On the other hand, in the study by the university of Missouri, scientists not only quizzed participants on their own perceptions of their behaviour on alcohol, but also plied them with vodka lemonades before getting them to take part in group activities which would highlight certain personality traits.

While participants themselves reported lower levels of conscientiousness, openness to experience, agreeableness, higher levels of extraversion and emotional stability, there was a “far less drastic” perceptible difference between “sober” and “drunk” personalities than they believed, according to observers.

The only visible difference in terms of personality was extraversion, with participants becoming more extroverted than their ‘typical sober’ self.

“We were surprised to find such a discrepancy between drinkers’ perceptions of their own alcohol-induced personalities and how observers perceived them,” the University of Missouri’s Rachel Winograd told the drinks business in May.
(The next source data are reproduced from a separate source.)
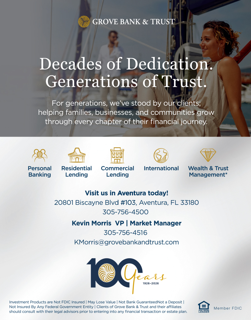 Grove Bank & Trust, founded on July 12, 1926, is the longest-operating bank in Miami-Dade County. With nearly 100 years of experience, we proudly offer a full range of personal and business banking services, residential mortgages, investments, and wealth management solutions.
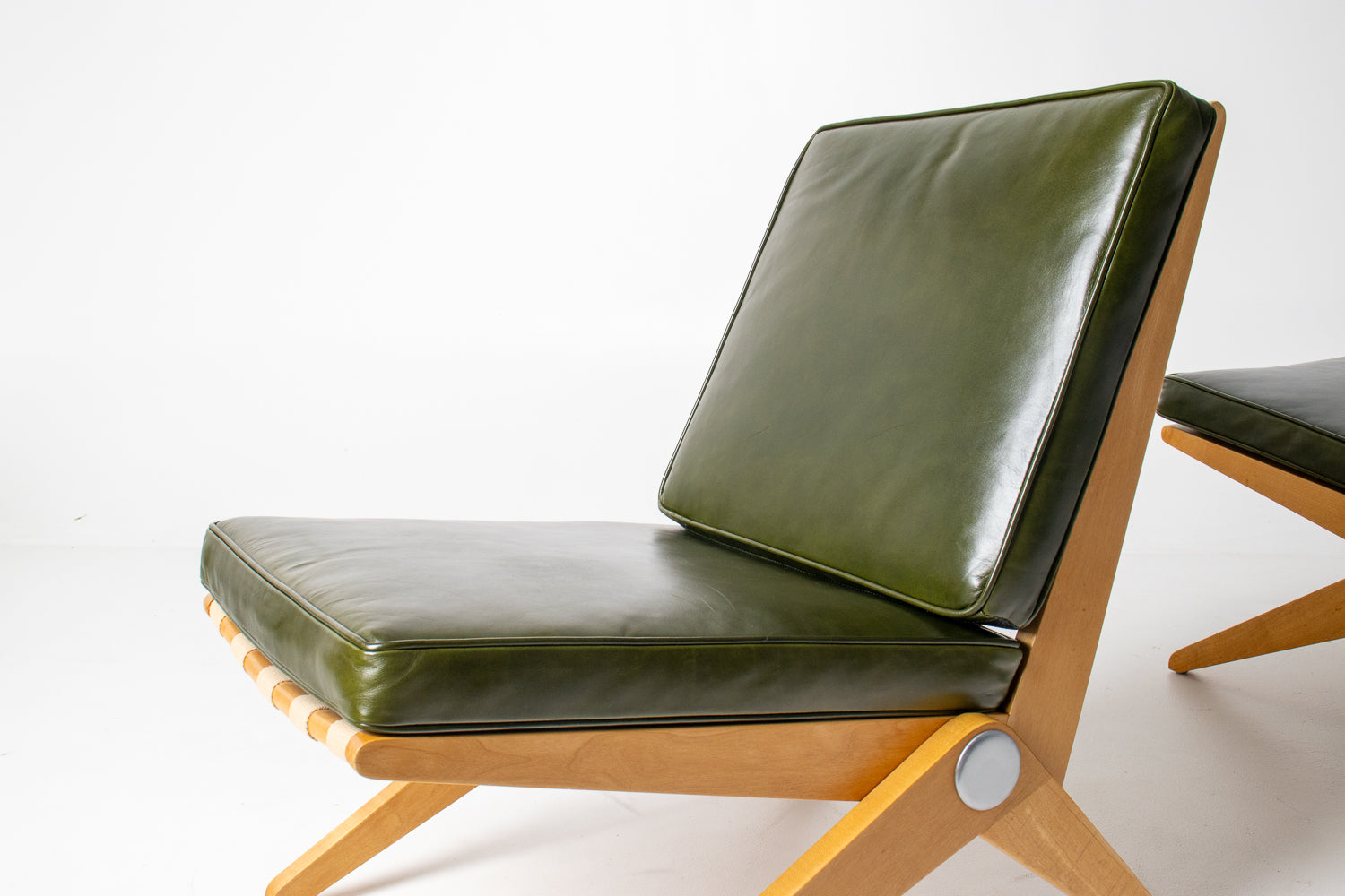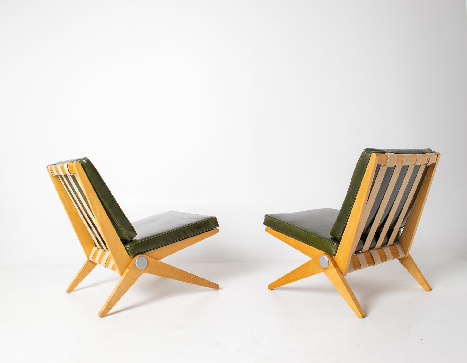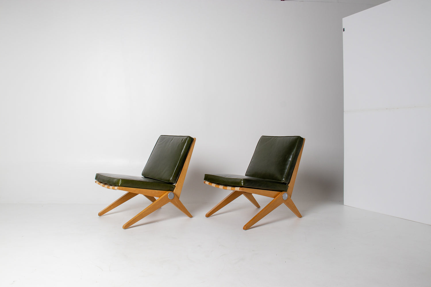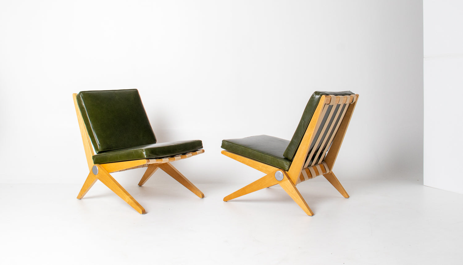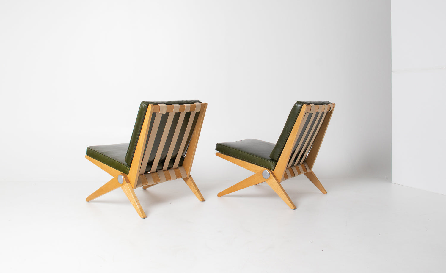 A spectacular and authentic pair of “Scissors” chairs designed by Pierre Jeanneret in 1948 and manufactured by Knoll. This iconic design — celebrated for its striking angular profile and refined simplicity — beautifully captures the sculptural elegance of post-war modernism.
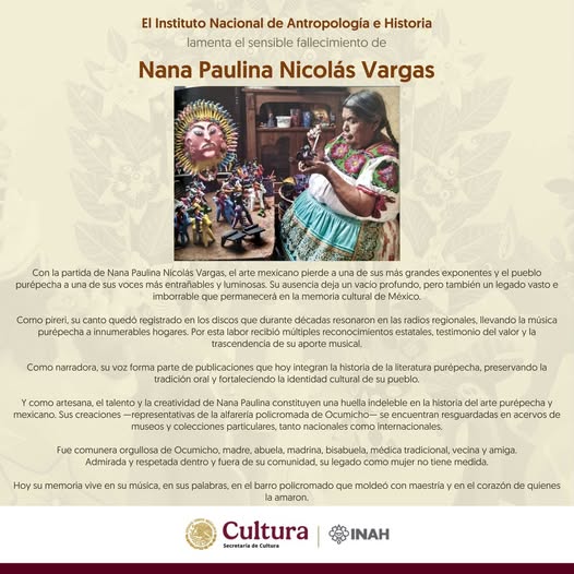 Honramos su legado y enviamos nuestro cariño a su familia y a Ocumicho.
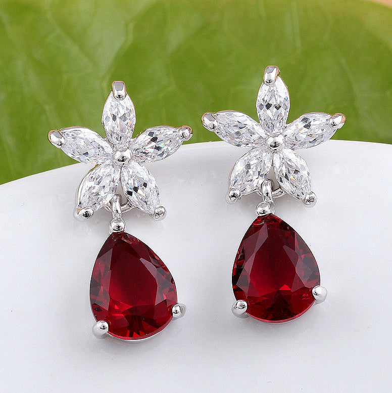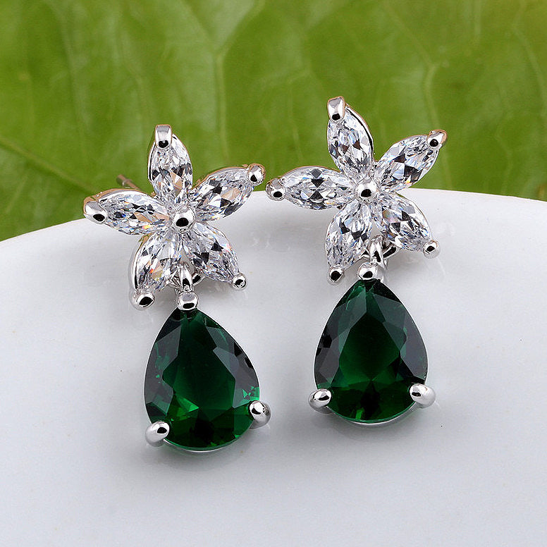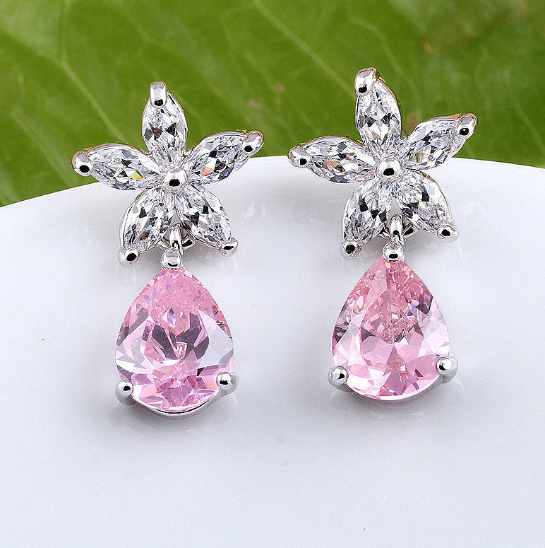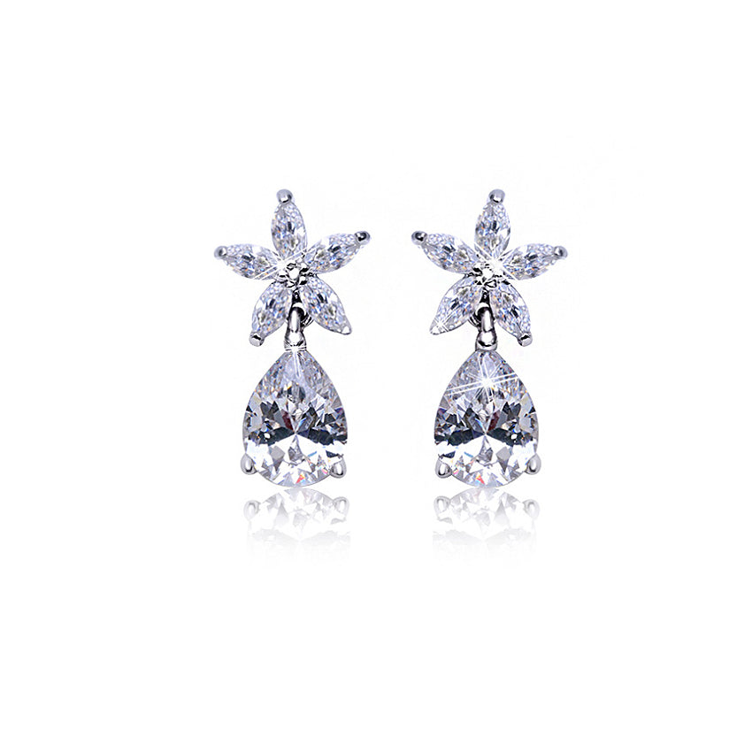 This timeless pair of earring is crafted with a centre pear cut cubic zironia diamond dropping from the stars. This gorgeous jewellery set features a single teardrop dropping from the stars and the design gives off extra sparkle and will effortlessly accent your look. Truly a classic design that is perfect as a gift as well.

Numerous studies have disproved the idea that different drinks can change your personality. in 1984, researchers injected rats with different types of hard liquor and monitored them for a difference in behaviour. While the rodents were ratted, they all exhibited the same behaviour no matter what they drank, according to the Atlantic.

Meanwhile, a study of 40 studies into alcohol consumption in 2010 also showed that many people simply exhibit the behaviour they associate with a spirit.
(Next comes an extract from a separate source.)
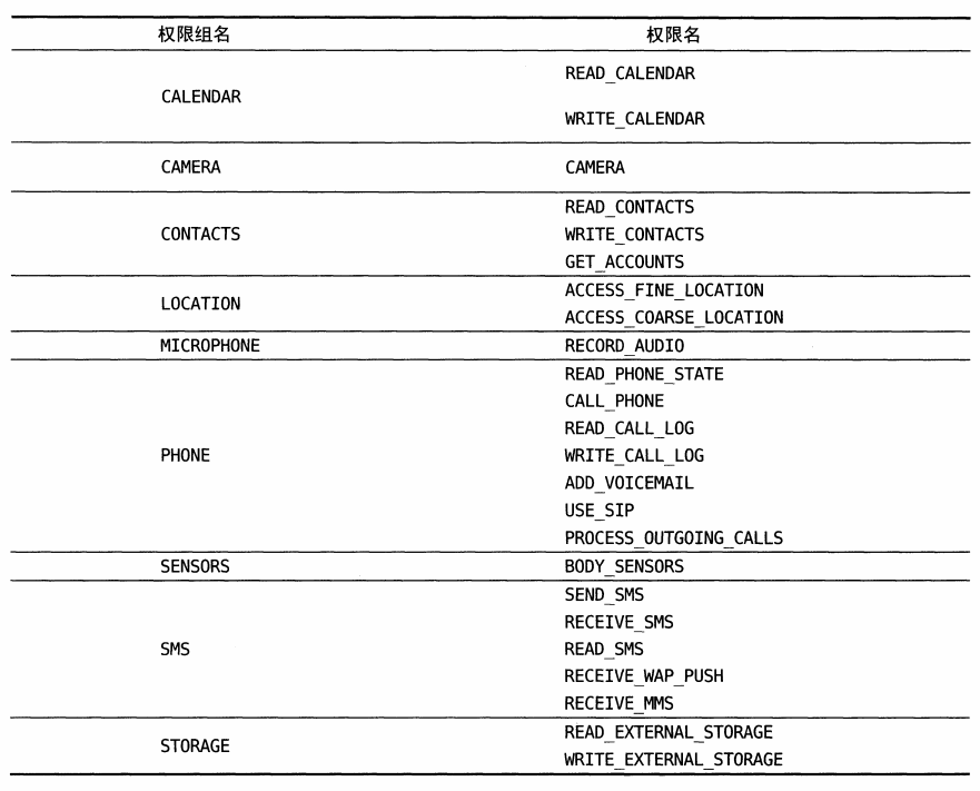 Android权限分为普通权限和危险权限 对于普通权限,一般系统会自动帮我们授权,但对于危险权限需要用户手动授权。 下面是Android中所有的危险权限: 其他表中没有列出的权限就全都是普通权限。 Android中系统完整的权限列表:http://developer.android.com/reference/android/Manifest.permission.html
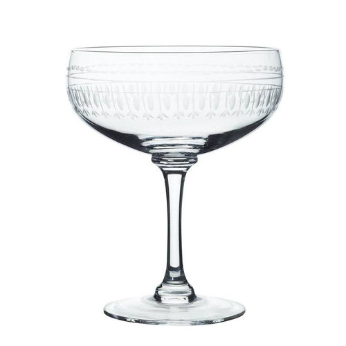 Pair of Ovals Etched Crystal Cocktail Glasses

“Placebo effects that are observed often appear to be due to the individual attempting to compensate for the expected effects of the alcohol,” the report concludes, “rather than the individual behaving according to some alcohol expectancy.”

So, if you keep finding yourself in a heated debate over the Single Market every Friday, don’t blame the Scotch.

But the latest news does provide an insight into why we drink what we do, and when.

Dr John Larsen, from Drinkaware, told the drinks business the results can help us see when a drinker might be putting themselves in danger.

“These expectations and motivations for drinking will influence how people actually behave when they have been drinking,” he said, “and may in some situations lead people to drink at levels likely to cause them harm.”

“The UK Chief Medical Officers’ guideline for both men and women states that in order to keep health risks from alcohol to a low level it is safest not to be drinking more than 14 units a week on a regular basis.

“If people drink above the low risk unit guidelines, in the short term they can put themselves at risk of accidents and injuries. In the long term, this drinking pattern can increase the risk of heart disease, liver disease, heart disease, stroke and mental health problems such as depression and anxiety.”